Please restate, exactly, only the lines from the beginning of the listing below through the line containing "Adriaen van Ostade", with the pictures left out.

━━ RECORDED INFORMATION ━━

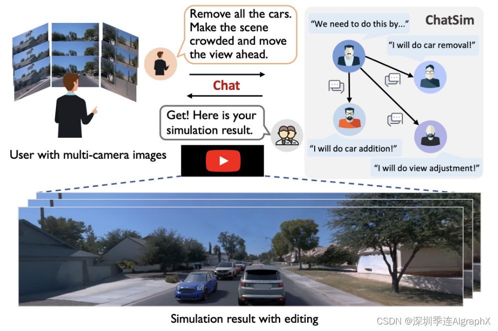 ChatSim利用了大型语言模型LLM智能体协作框架,采用了一种新颖的多摄像头神经辐射场McNeRF和多摄像头照明估计McLight方法实现了自动驾驶场景可编辑与生成。
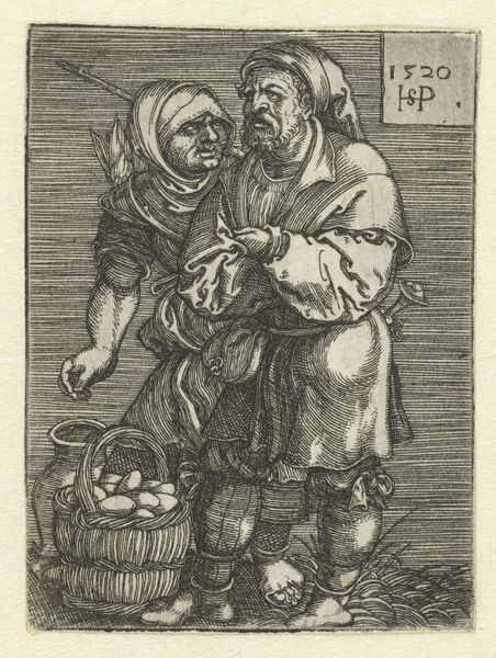 Adriaen van Ostade created this etching, “Boer en boerin als liefdespaar in een deuropening”, sometime in the 17th century in the Netherlands. It depicts a farmer and his wife as a loving couple in a doorway. The image offers us a window into the cultural values and social dynamics of the Dutch Golden Age. The representation of peasants in art was a popular genre in the Netherlands at this time. It reflected a growing interest in everyday life and the common person. But it also served to reinforce social hierarchies. By depicting peasants in a particular way, artists could comment on the social structures of their time, often reinforcing stereotypes about rural life. Van Ostade often portrays his subjects with empathy. The intimacy of this image challenges any reading that would caricature the couple. To better understand the meaning of this artwork, it is important to consider its historical context. Research into the social and economic conditions of the 17th-century Dutch peasantry can provide valuable insights into the artist's intentions and the artwork's reception.
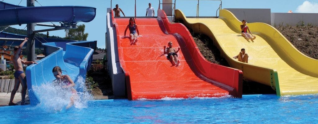 Termalni bazeni: Razprostirajo se na 1600 m², polni pa jih zdravilna akratotermalna voda s kalcijem, magnezijem in hidrogenkarbonatom, kar blagodejno vpliva na telo. V bazenih lahko uživate v vseh letnih časih. Pozimi se potopite v masažne bazene ali zaplavajte v prostornem notranjem bazenu, najmlajši pa se lahko navdušujejo v otroškem bazenu. V toplejših mesecih se prepustite soncu na prostorni in moderni terasi, ohladite se v zunanjih bazenih ali pa se odpravite na andrenalinski spust po toboganih in hitrih drčah.
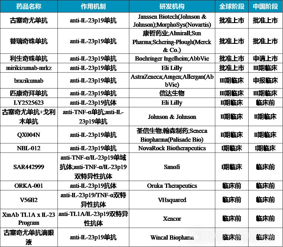 据不完全统计,目前在研的IL-23 p19药物约15种。
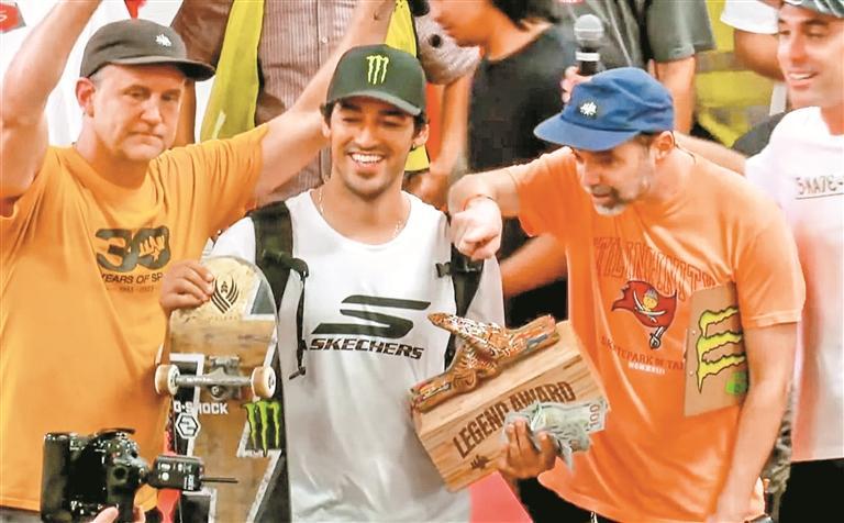啊果与滑板赛事合作设计奖杯。受访者供图
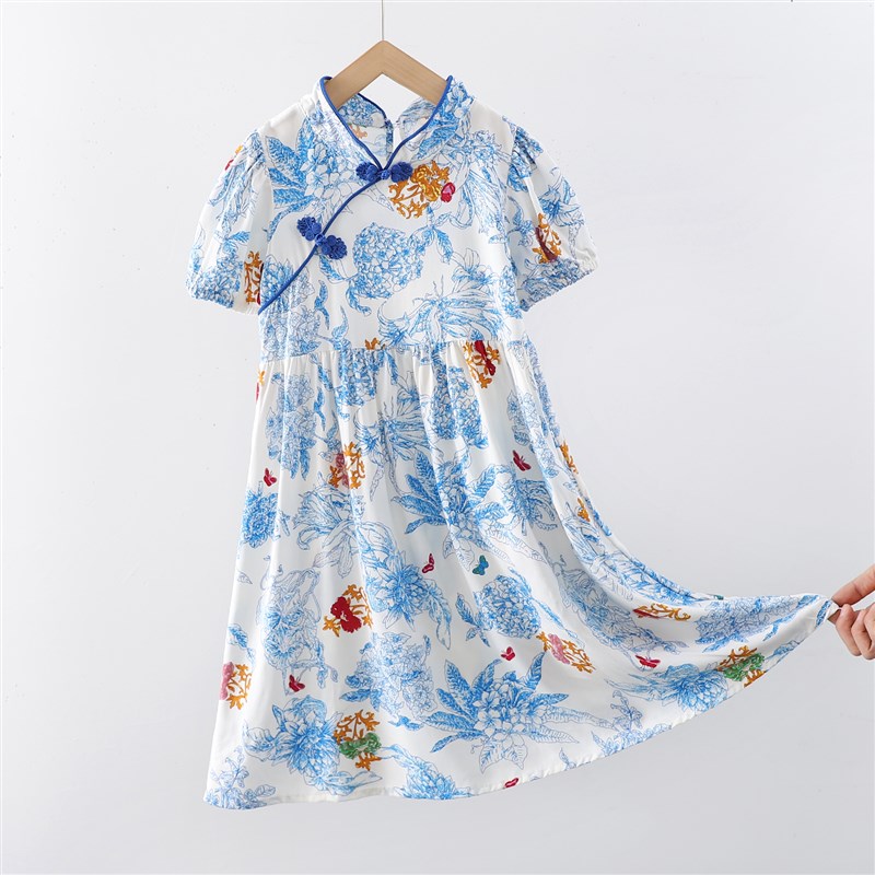 女童旗袍中小童女宝宝夏季连衣裙中小童女孩国风裙子大童公主裙

━━━

WRITTEN REPLY |
 ChatSim利用了大型语言模型LLM智能体协作框架,采用了一种新颖的多摄像头神经辐射场McNeRF和多摄像头照明估计McLight方法实现了自动驾驶场景可编辑与生成。
 Adriaen van Ostade created this etching, “Boer en boerin als liefdespaar in een deuropening”, sometime in the 17th century in the Netherlands. It depicts a farmer and his wife as a loving couple in a doorway. The image offers us a window into the cultural values and social dynamics of the Dutch Golden Age. The representation of peasants in art was a popular genre in the Netherlands at this time. It reflected a growing interest in everyday life and the common person. But it also served to reinforce social hierarchies. By depicting peasants in a particular way, artists could comment on the social structures of their time, often reinforcing stereotypes about rural life. Van Ostade often portrays his subjects with empathy. The intimacy of this image challenges any reading that would caricature the couple. To better understand the meaning of this artwork, it is important to consider its historical context. Research into the social and economic conditions of the 17th-century Dutch peasantry can provide valuable insights into the artist's intentions and the artwork's reception.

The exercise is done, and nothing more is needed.